▸ Assigned task: Return each line of the records holding the string "with".

□ □ □ □ □ □ □

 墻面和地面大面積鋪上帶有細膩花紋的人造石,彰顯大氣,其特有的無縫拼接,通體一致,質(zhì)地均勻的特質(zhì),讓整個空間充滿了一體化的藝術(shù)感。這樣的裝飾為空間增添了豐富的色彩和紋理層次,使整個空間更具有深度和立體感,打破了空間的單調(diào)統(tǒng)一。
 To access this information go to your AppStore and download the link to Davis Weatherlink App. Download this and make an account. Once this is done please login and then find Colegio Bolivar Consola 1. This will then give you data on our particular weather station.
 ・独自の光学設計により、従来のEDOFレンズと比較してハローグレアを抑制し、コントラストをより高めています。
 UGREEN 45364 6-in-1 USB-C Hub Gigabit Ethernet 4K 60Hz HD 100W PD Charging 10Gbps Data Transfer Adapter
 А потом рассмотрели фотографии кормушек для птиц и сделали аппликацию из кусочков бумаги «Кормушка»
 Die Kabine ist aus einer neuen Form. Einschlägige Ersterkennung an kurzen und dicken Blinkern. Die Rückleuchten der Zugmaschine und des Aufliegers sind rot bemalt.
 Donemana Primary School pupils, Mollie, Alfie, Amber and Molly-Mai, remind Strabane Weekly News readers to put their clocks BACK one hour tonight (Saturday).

□ □ □ □ □ □ □

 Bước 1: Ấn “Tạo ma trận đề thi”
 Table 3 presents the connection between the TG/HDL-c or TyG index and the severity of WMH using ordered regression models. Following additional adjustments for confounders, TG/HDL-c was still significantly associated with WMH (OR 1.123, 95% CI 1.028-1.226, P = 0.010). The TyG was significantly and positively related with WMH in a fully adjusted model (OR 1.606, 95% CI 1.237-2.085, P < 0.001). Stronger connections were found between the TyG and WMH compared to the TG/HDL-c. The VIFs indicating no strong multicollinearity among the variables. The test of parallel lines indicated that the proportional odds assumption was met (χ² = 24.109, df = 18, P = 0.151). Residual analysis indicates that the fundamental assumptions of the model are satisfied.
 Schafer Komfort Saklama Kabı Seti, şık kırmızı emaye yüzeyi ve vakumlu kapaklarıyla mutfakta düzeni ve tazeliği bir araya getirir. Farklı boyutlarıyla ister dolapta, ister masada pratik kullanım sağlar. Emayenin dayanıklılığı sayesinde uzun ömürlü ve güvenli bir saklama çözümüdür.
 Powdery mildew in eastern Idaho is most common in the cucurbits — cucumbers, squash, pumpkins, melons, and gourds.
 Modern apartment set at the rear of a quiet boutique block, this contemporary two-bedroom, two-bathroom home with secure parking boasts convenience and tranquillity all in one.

□ □ □ □ □ □ □

▸ Answer to the exercise:
 Table 3 presents the connection between the TG/HDL-c or TyG index and the severity of WMH using ordered regression models. Following additional adjustments for confounders, TG/HDL-c was still significantly associated with WMH (OR 1.123, 95% CI 1.028-1.226, P = 0.010). The TyG was significantly and positively related with WMH in a fully adjusted model (OR 1.606, 95% CI 1.237-2.085, P < 0.001). Stronger connections were found between the TyG and WMH compared to the TG/HDL-c. The VIFs indicating no strong multicollinearity among the variables. The test of parallel lines indicated that the proportional odds assumption was met (χ² = 24.109, df = 18, P = 0.151). Residual analysis indicates that the fundamental assumptions of the model are satisfied.
 Modern apartment set at the rear of a quiet boutique block, this contemporary two-bedroom, two-bathroom home with secure parking boasts convenience and tranquillity all in one.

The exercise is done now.